Ausentes medidas adicionais, é improvável que uma massa crítica de medidas corretivas tenha sido alcançada na Turquia. Embora os ajustes da política interna proporcionem alívio de curto prazo para a moeda, eles podem não ser nem abrangentes nem suficientes para devolver a Turquia a um caminho promissor para o crescimento econômico inclusivo e a estabilidade financeira duradoura.

No lado externo, o financiamento do Qatar, assumindo que se materializa de forma completa e oportuna, parece pequeno em relação às necessidades de financiamento externo bruto da Turquia. Também não vem com a concordância do FMI que tranquiliza muitos investidores. E está longe de claro como esse dinheiro vai entrar na economia para maximizar o potencial de estabilização cambial.

E depois há o conflito comercial com os EUA.

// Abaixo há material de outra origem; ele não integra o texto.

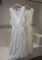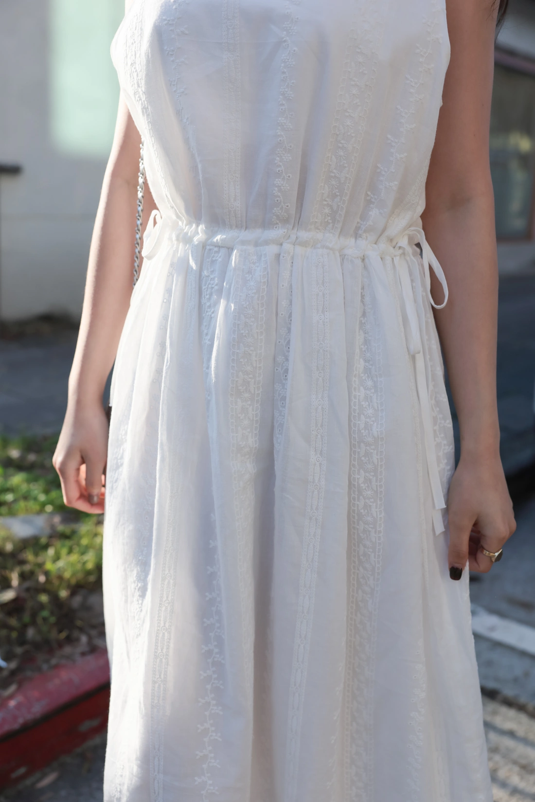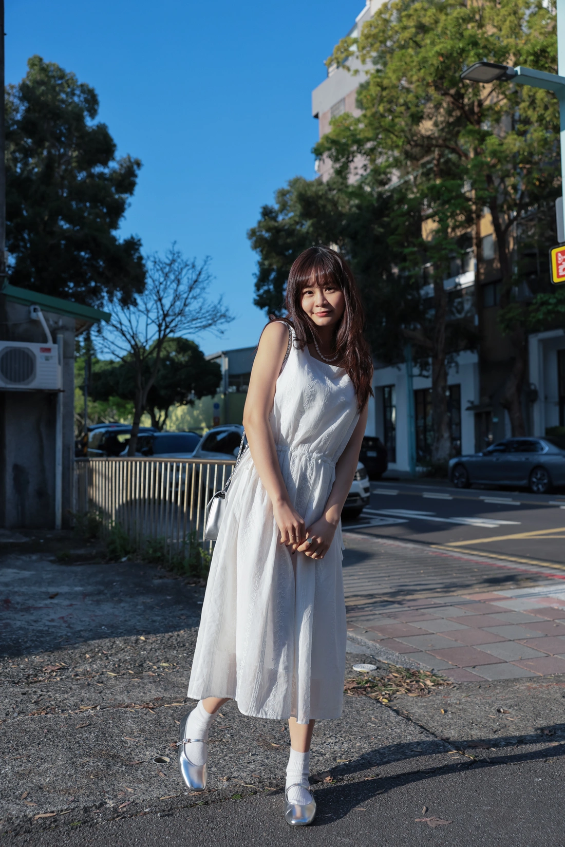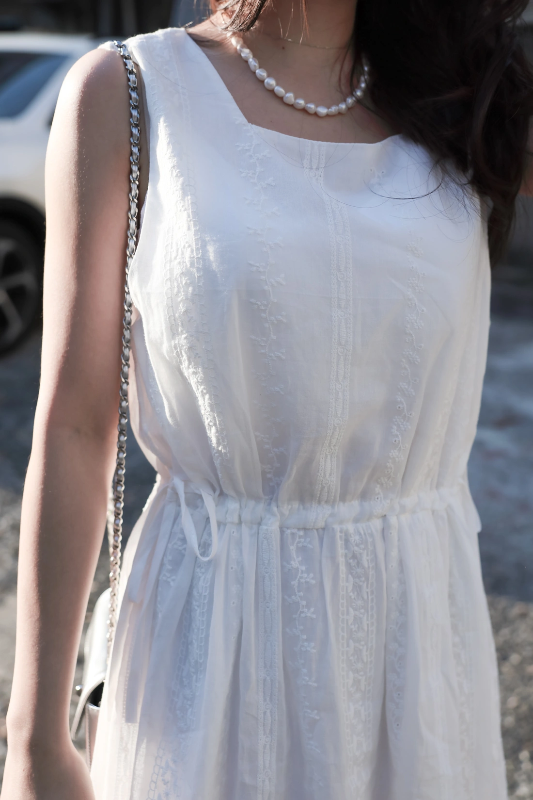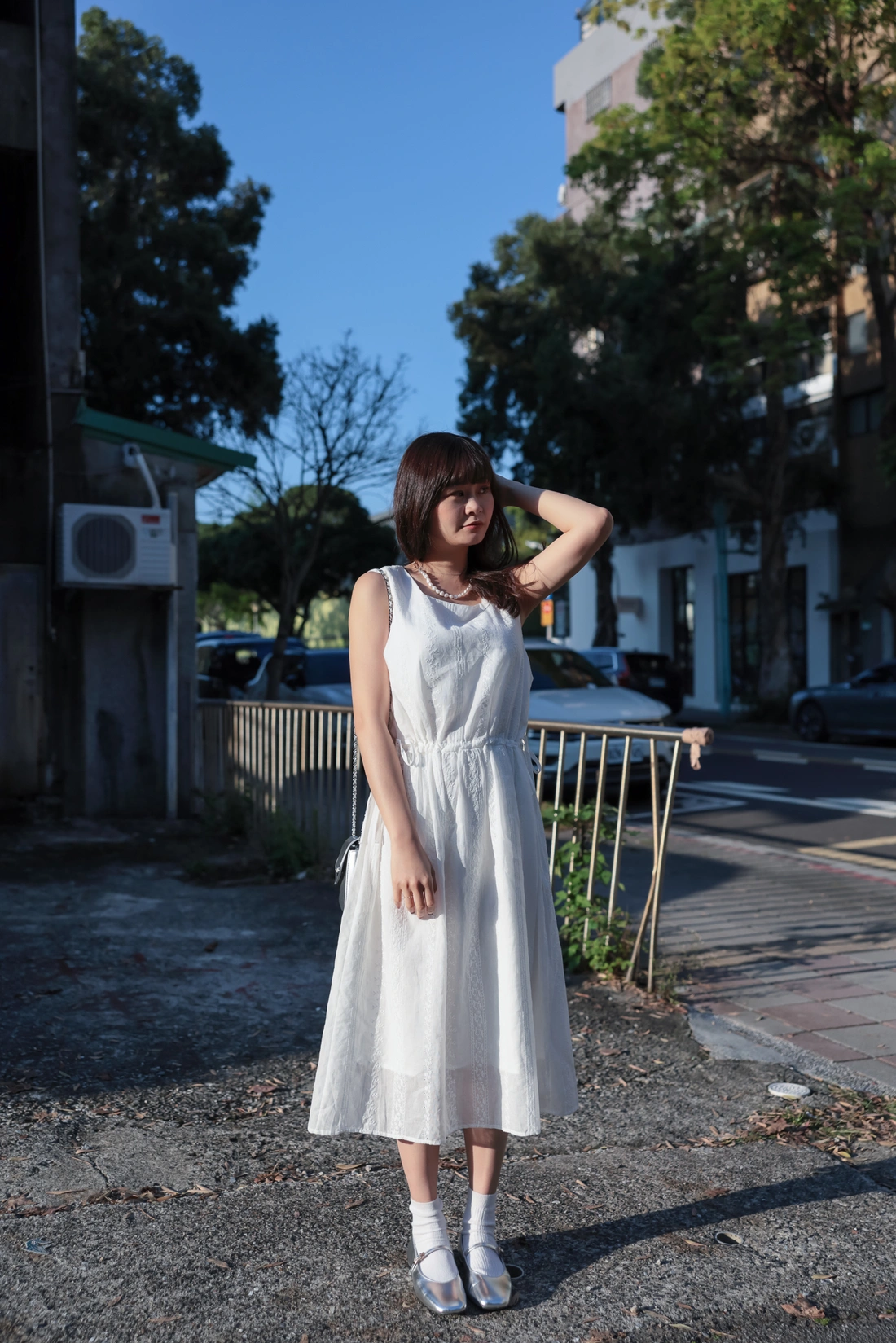 側邊縮腰綁結設計/無袖方領設計長洋/細節雕花設計洋裝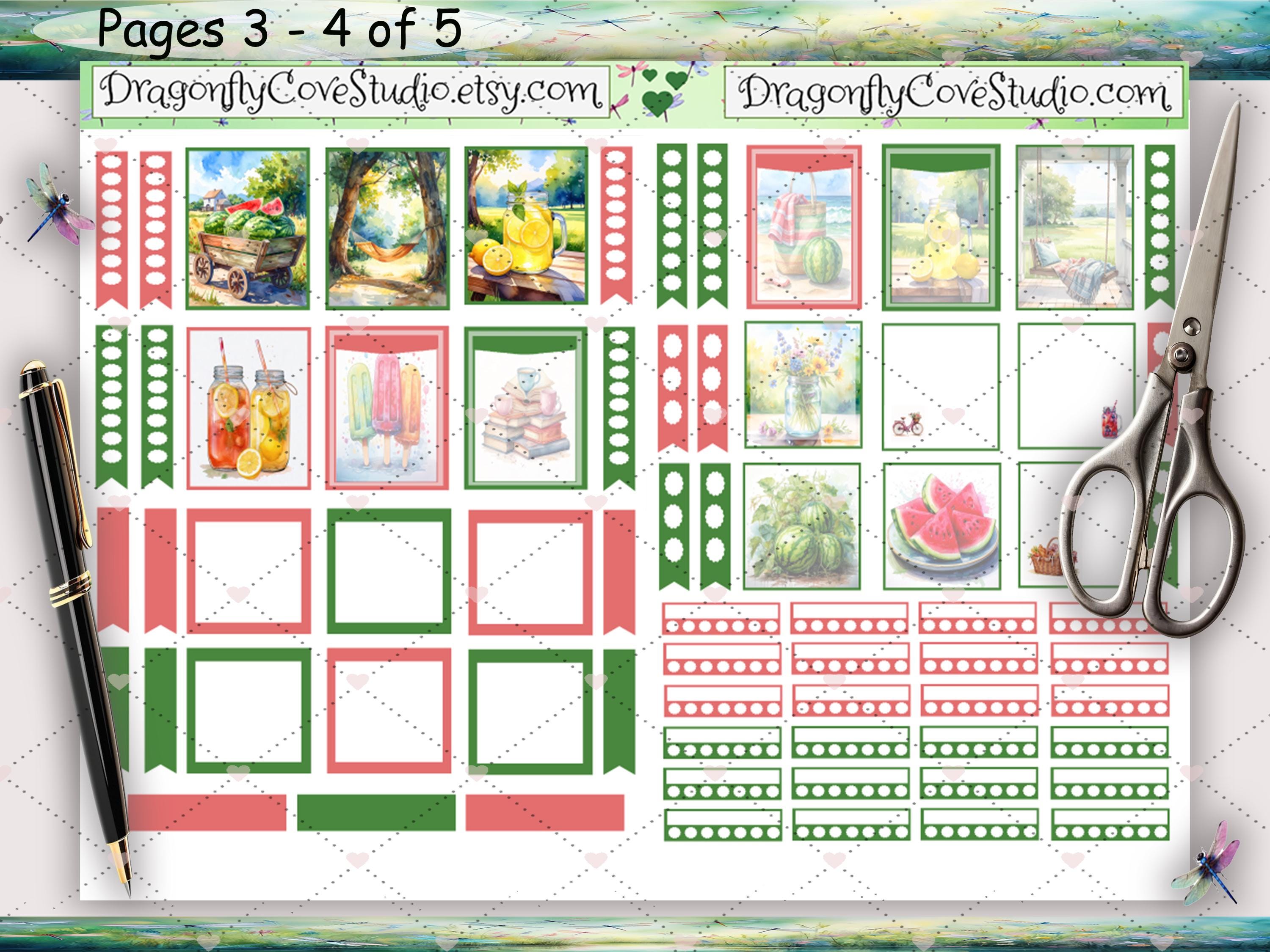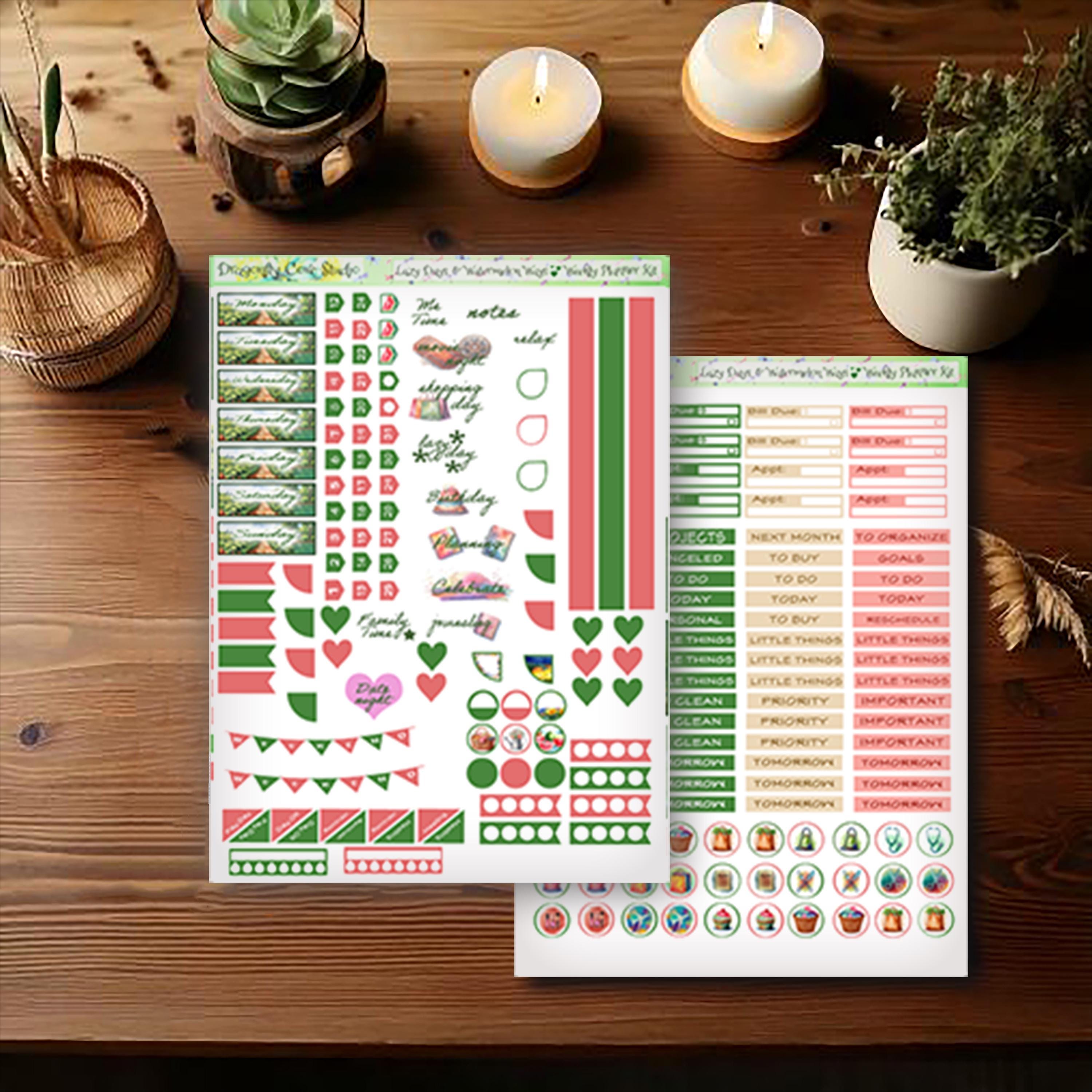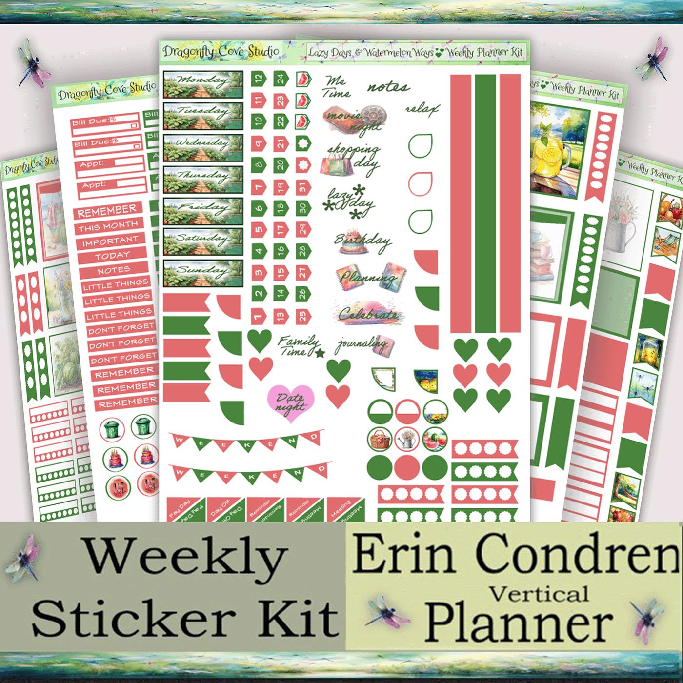 Erin Condren Vertical Planner Printable Stickers Weekly Kit | Lazy Days & Watermelon Ways | Printed, Shipped

Como em outros países, é apenas uma questão de tempo até que a Turquia chegue à mesma conclusão que os outros de confrontar a postura mais protecionista adotada pelos EUA. Devido ao seu tamanho e influência sistêmica, e supondo que continue disposta a incorrer no risco de sofrer algum dano no processo, os EUA estão destinados a ganhar uma escalada de tarifas cara a cara. Como tal, a melhor abordagem é o que a União Europeia decidiu fazer no mês passado: procurar uma maneira de fazer uma pausa na escaramuça enquanto trabalha nas questões subjacentes de longo prazo.

Em vez de reescrever o plano de jogo para a gestão de crises em mercados emergentes, a Turquia pode acabar confirmando isso. Espera-se que isso leve à restauração da estabilidade financeira e do crescimento, enquanto o governo busca reverter sua posição sobre a independência do banco central, a política de juros e talvez até mesmo com o FMI. A alternativa - persistir com a abordagem atual e, no processo, correr o risco de transformar os deslocamentos técnicos em rupturas económicas e financeiras de longo prazo muito mais danosas - também se mostraria problemática para outras economias emergentes.

Mohamed A. El-Erian

Mohamed A. El-Erian, Conselheiro Económico Principal da Allianz, o pai corporativo da PIMCO, onde foi CEO e co-Diretor de Investimentos, foi presidente do Conselho de Desenvolvimento Global do presidente dos EUA, Barack Obama. Ele já axtuou como CEO da Harvard Management Company e vice-diretor do Fundo Monetário Internacional. Ele foi nomeado como um dos 100 principais pensadores globais da política externa em 2009, 2010, 2011 e 2012. Ele é o autor, mais recentemente, de The Only Game in Town: Bancos Centrais, Instabilidade e Evitando o Próximo Colapso.